**INFORMATION SUPPLIED:**
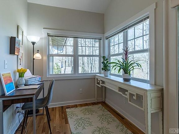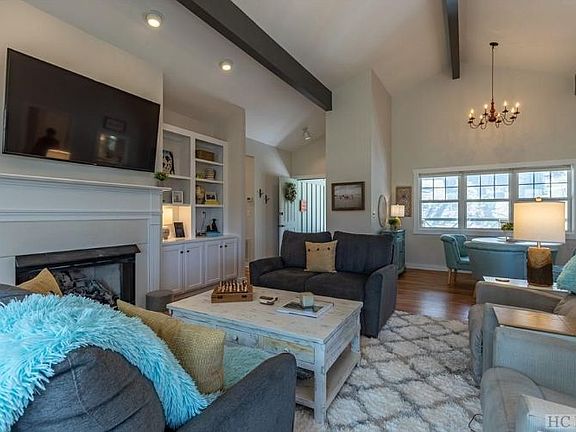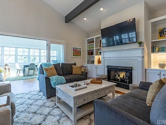 CHARMING COTTAGE. Wind your way to the top of the cottage community of Chestnut Hill to find this charming mountain home. It is a one level home with two bedrooms and two baths plus an enclosed sunroom that could be used as a flex space or third bedroom. Both of the bedrooms are oversized and can accommodate two beds or a sitting area. The spacious living room has a new gas fireplace and a vaulted ceiling and the remainder of the ceilings are nine feet. Beautiful refinished white oak floors are featured through the house, bedrooms are carpeted and baths and laundry are tiled. The kitchen has been renovated with new appliances, faucet and hardware. The baths were completely updated with new countertops, cabinets, fixtures, lights, mirrors and flooring. The laundry room has new washer, dryer and shelving. All walls, ceilings, trim and beams have been painted. Four new fans were installed. There is a large newly screened porch off of the sunroom providing the perfect spot to enjoy the mountain view and treetop living. The attached single car garage has built-in closets with shelving and there is plenty of parking - there is even a new side driveway and stairs with a railing. The underneath of the house is encapsulated and has flooring and shelves for storage. The POA is responsible for outside maintenance of the home and yard and includes snow removal and city water and sewer. Offered at $585, 000 with furnishings available outside of the contract. Owner would like to close and lease back until September 1st.
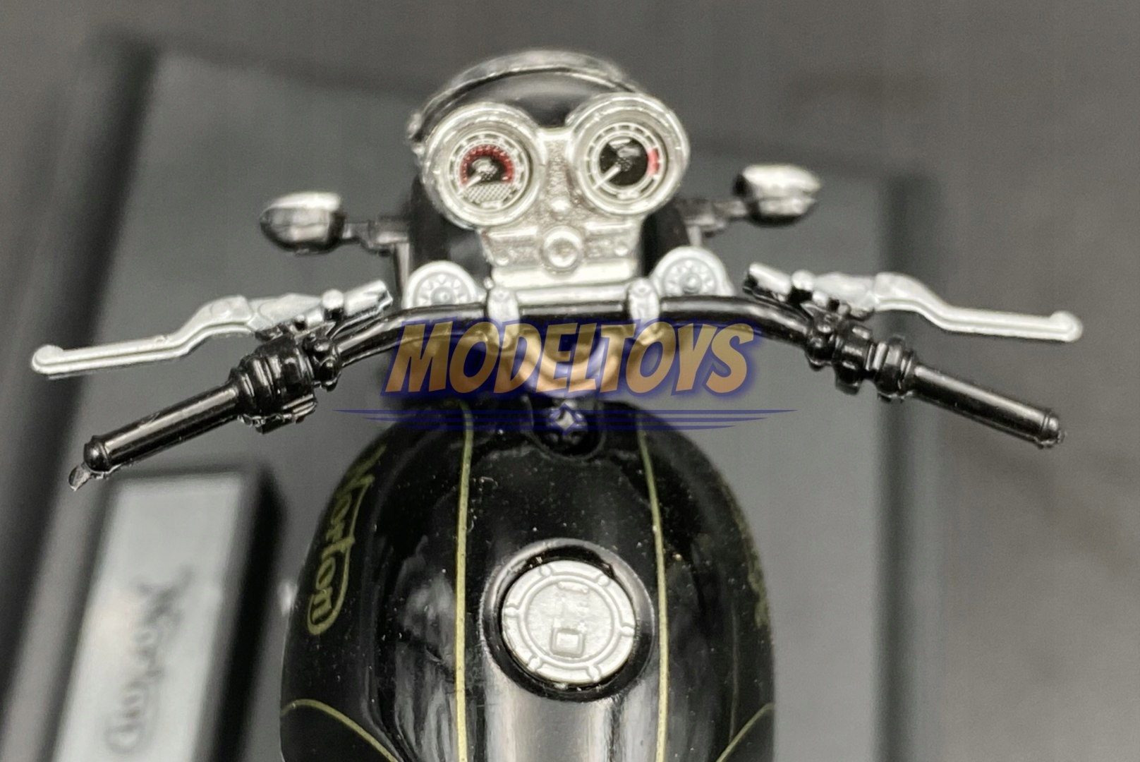 Модель в коробке с подставкой с названием мотоцикла.Мотоцикл откручивается от подставки - один винт.
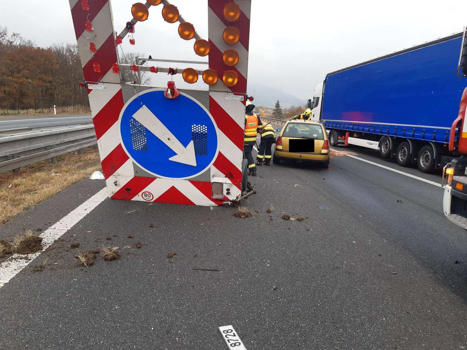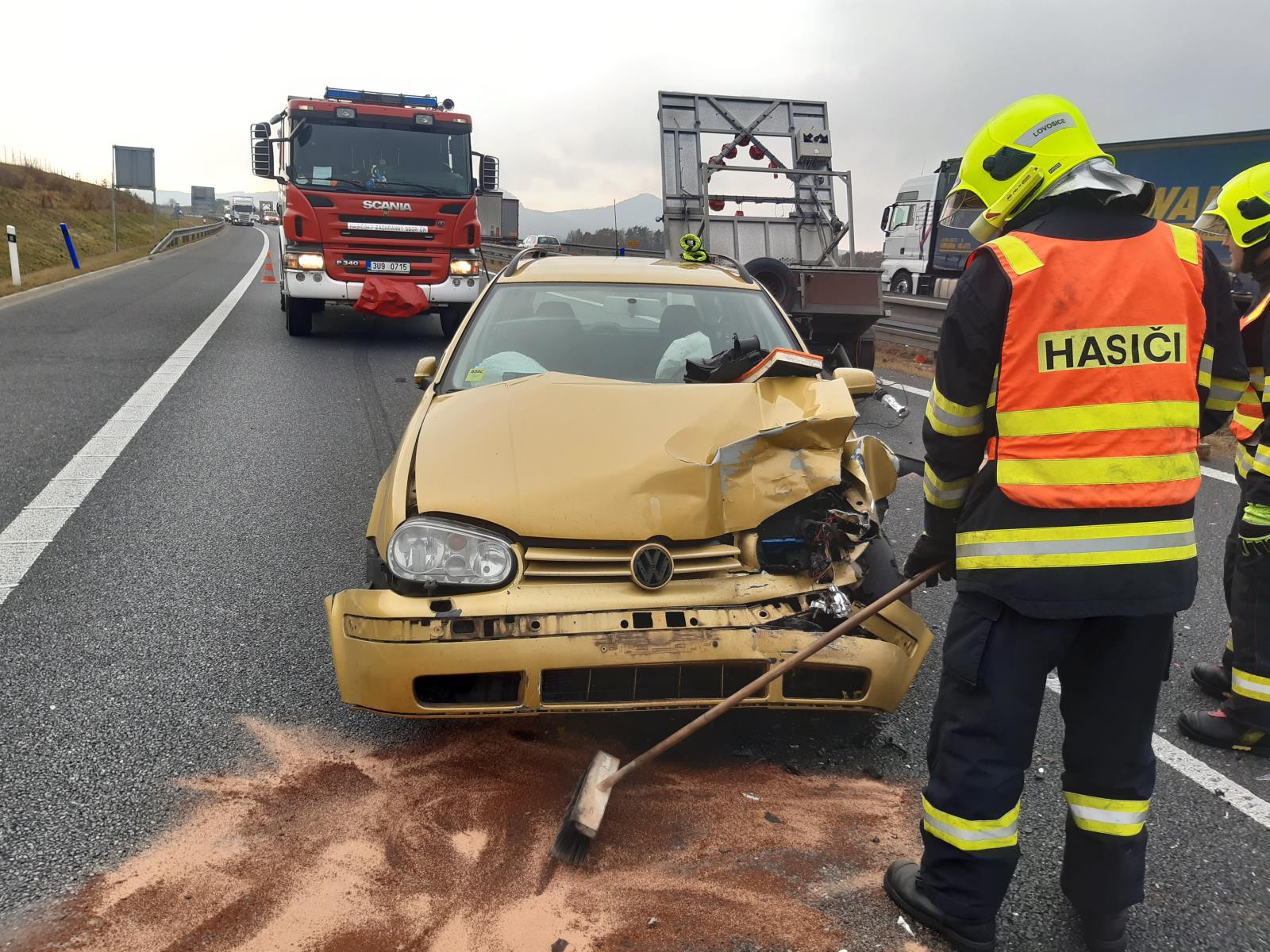 10. 11. 2021 11:09 Jednotka ze stanice Lovosice vyjela k dopravní nehodě osobního auta na dálnici D8 u Opárna. Auto narazilo do značení a nákladního vozu silniční údržby. Řidič byl zraněn na ruce. Hasiči zamezili úniku provozních kapalin a vyteklé zasypali sorbentem.
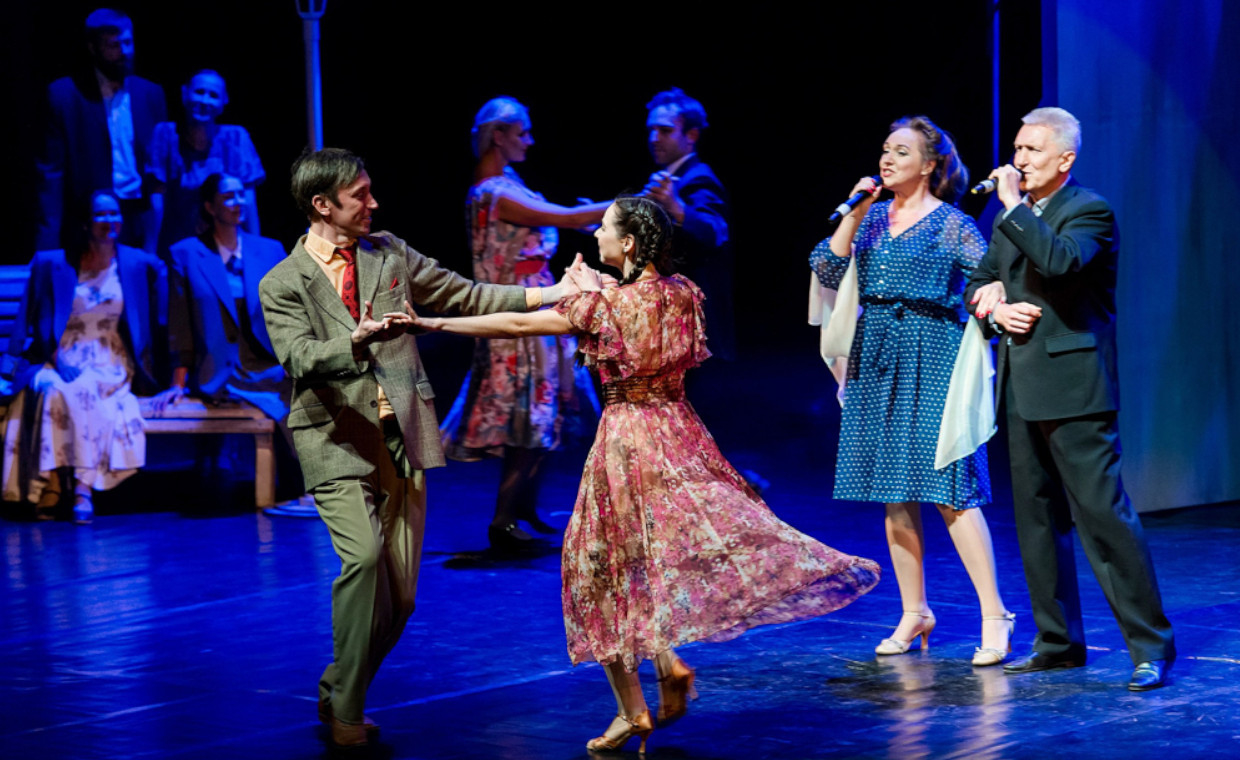 В исполнении ведущих артистов драмы звучат песни военных лет: «Синий платочек», «Ах, эти тучи в голубом», «Валенки», «Журавли», «Ночь коротка», «Бьётся в тесной печурке огонь» и другие.

**BRIEF:** Reproduce the material above in full, exactly, with no images.

**ANSWER TO THIS EXERCISE:**
 CHARMING COTTAGE. Wind your way to the top of the cottage community of Chestnut Hill to find this charming mountain home. It is a one level home with two bedrooms and two baths plus an enclosed sunroom that could be used as a flex space or third bedroom. Both of the bedrooms are oversized and can accommodate two beds or a sitting area. The spacious living room has a new gas fireplace and a vaulted ceiling and the remainder of the ceilings are nine feet. Beautiful refinished white oak floors are featured through the house, bedrooms are carpeted and baths and laundry are tiled. The kitchen has been renovated with new appliances, faucet and hardware. The baths were completely updated with new countertops, cabinets, fixtures, lights, mirrors and flooring. The laundry room has new washer, dryer and shelving. All walls, ceilings, trim and beams have been painted. Four new fans were installed. There is a large newly screened porch off of the sunroom providing the perfect spot to enjoy the mountain view and treetop living. The attached single car garage has built-in closets with shelving and there is plenty of parking - there is even a new side driveway and stairs with a railing. The underneath of the house is encapsulated and has flooring and shelves for storage. The POA is responsible for outside maintenance of the home and yard and includes snow removal and city water and sewer. Offered at $585, 000 with furnishings available outside of the contract. Owner would like to close and lease back until September 1st.
 Модель в коробке с подставкой с названием мотоцикла.Мотоцикл откручивается от подставки - один винт.
 10. 11. 2021 11:09 Jednotka ze stanice Lovosice vyjela k dopravní nehodě osobního auta na dálnici D8 u Opárna. Auto narazilo do značení a nákladního vozu silniční údržby. Řidič byl zraněn na ruce. Hasiči zamezili úniku provozních kapalin a vyteklé zasypali sorbentem.
 В исполнении ведущих артистов драмы звучат песни военных лет: «Синий платочек», «Ах, эти тучи в голубом», «Валенки», «Журавли», «Ночь коротка», «Бьётся в тесной печурке огонь» и другие.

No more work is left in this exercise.